Svevo wryly dubbed Joyce il mercante di gerundi — "the gerund merchant" — an affectionate jab at the Irishman's perpetual financial woes. But their relationship ran far deeper than grammar lessons. One evening, Joyce read aloud his short story The Dead; Svevo and Livia were deeply moved. Emboldened, Svevo handed Joyce the manuscripts of Una vita and Senilità. Joyce's reaction was decisive: he declared Svevo "a great neglected writer."

That endorsement would prove transformative. In the 1920s, Joyce championed La coscienza di Zeno among Parisian literary circles, helping to rescue Svevo from decades of obscurity.

Saba, too, admired Svevo — though their relationship was more ambivalent, a mix of esteem and friction. Saba's personal copy of La coscienza di Zeno bears the possessive inscription: "mio! Trieste 31/VII/1923 Saba".

The literary cafés: Trieste's writing salons

No account of the literary triangle is complete without its stage: the historic cafés where ideas circulated alongside espresso and pastries.

  • Caffè San Marco (via Battisti 18, founded 3 January 1914 by Marco Lovrinovich): the quintessential literary café, a favourite of Svevo. Before the First World War it also served as a clandestine meeting place for irredentists and a workshop for forging false passports. On 23 May 1915, Austro-Hungarian soldiers stormed and destroyed the premises. Reopened after the war, it still preserves its original Mitteleuropean furnishings.
  • Caffè Tommaseo (piazza Niccolò Tommaseo, opened 1830 by Tomaso Marcato): the oldest café still operating in Trieste. Renamed in 1848 in honour of the patriot Niccolò Tommaseo, it became a centre of the irredentist movement. Saba loved its pistachio ice cream; Svevo wrote there regularly. Declared a historic monument on 7 April 1954.
  • Pasticceria Caffè Pirona (Largo Barriera Vecchia 12, founded 1900 by Alberto Pirona): a Liberty-style gem. Joyce, who between 1910 and 1912 lived in the same street, was a regular and reportedly began drafting Ulysses at one of its tables. Svevo and Saba were also frequent visitors.
  • Caffè Stella Polare (via Dante Alighieri 14/a): a Viennese-style café with tall ceilings, wood panelling, and large mirrors. Joyce preferred its cosmopolitan atmosphere for socialising between the Serbian Orthodox church and the neoclassical Sant'Antonio Taumaturgo.

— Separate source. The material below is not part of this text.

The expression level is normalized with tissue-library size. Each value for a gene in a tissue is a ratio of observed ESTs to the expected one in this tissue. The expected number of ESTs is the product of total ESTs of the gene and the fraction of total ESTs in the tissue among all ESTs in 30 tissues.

The legacy of the literary triangle

The literary triangle of Joyce, Svevo, and Saba is not merely a footnote in the history of European letters — it is the story of how a single city, at a particular moment in history, catalysed a revolution in narrative and poetic language.

Today, bronze statues mark the writers' presence: Joyce on the Ponterosso bridge (since 2004), Svevo in Piazza Hortis near the Museo Sveviano, and Saba at the corner of via Dante and via San Nicolò, walking towards his beloved bookshop — pipe between his lips, eternally on his way home.

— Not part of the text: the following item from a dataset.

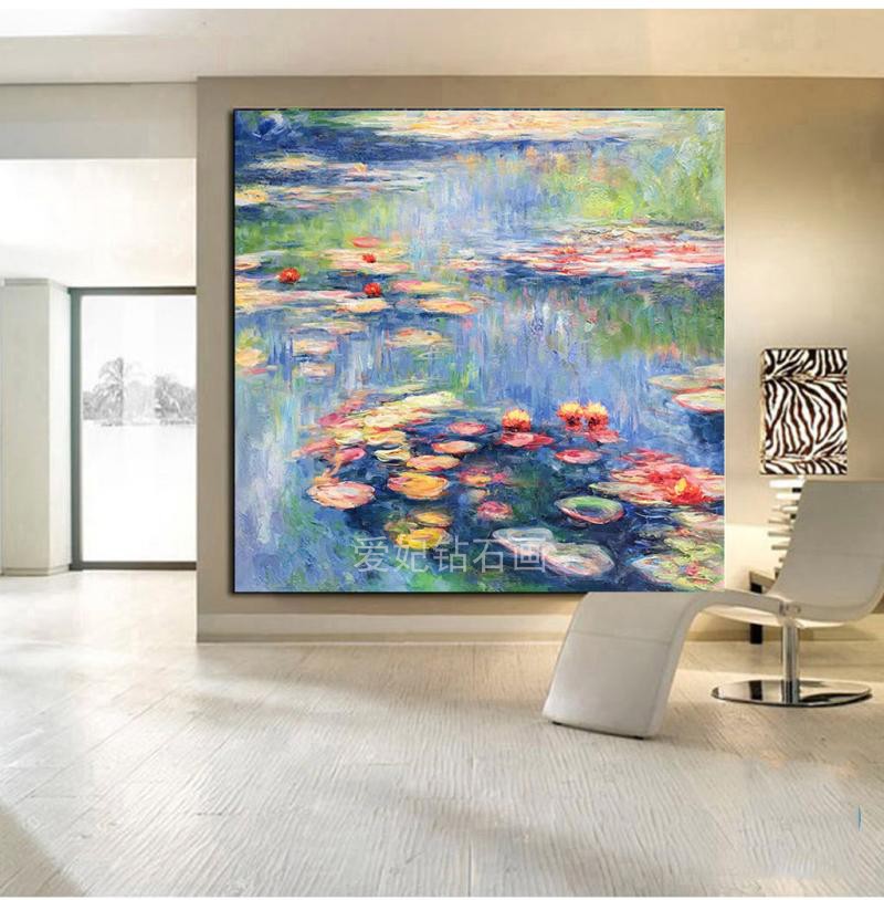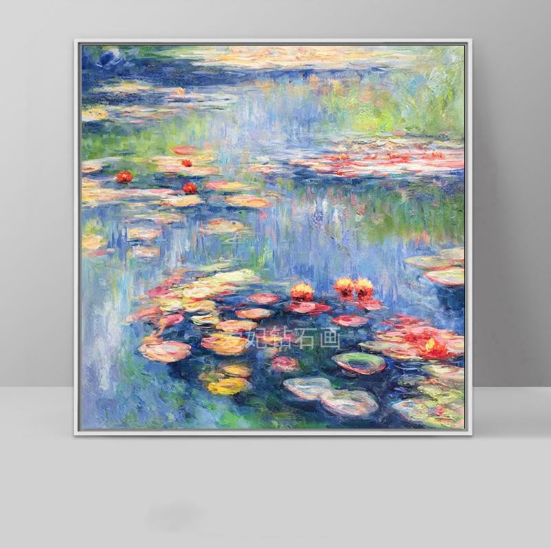 世界名画DIY方钻满钻钻石画餐厅莫奈睡莲荷花粘镶贴钻印花十字绣

The cafés, too, endure. Sitting at a marble table in the Caffè San Marco or the Caffè Tommaseo, surrounded by the same mirrors and woodwork that Svevo and Joyce once knew, visitors can still sense that peculiar Triestine alchemy — a restless, creative energy born from the friction of languages, cultures, and identities that made this city, for a brief and luminous period, the literary capital of the world.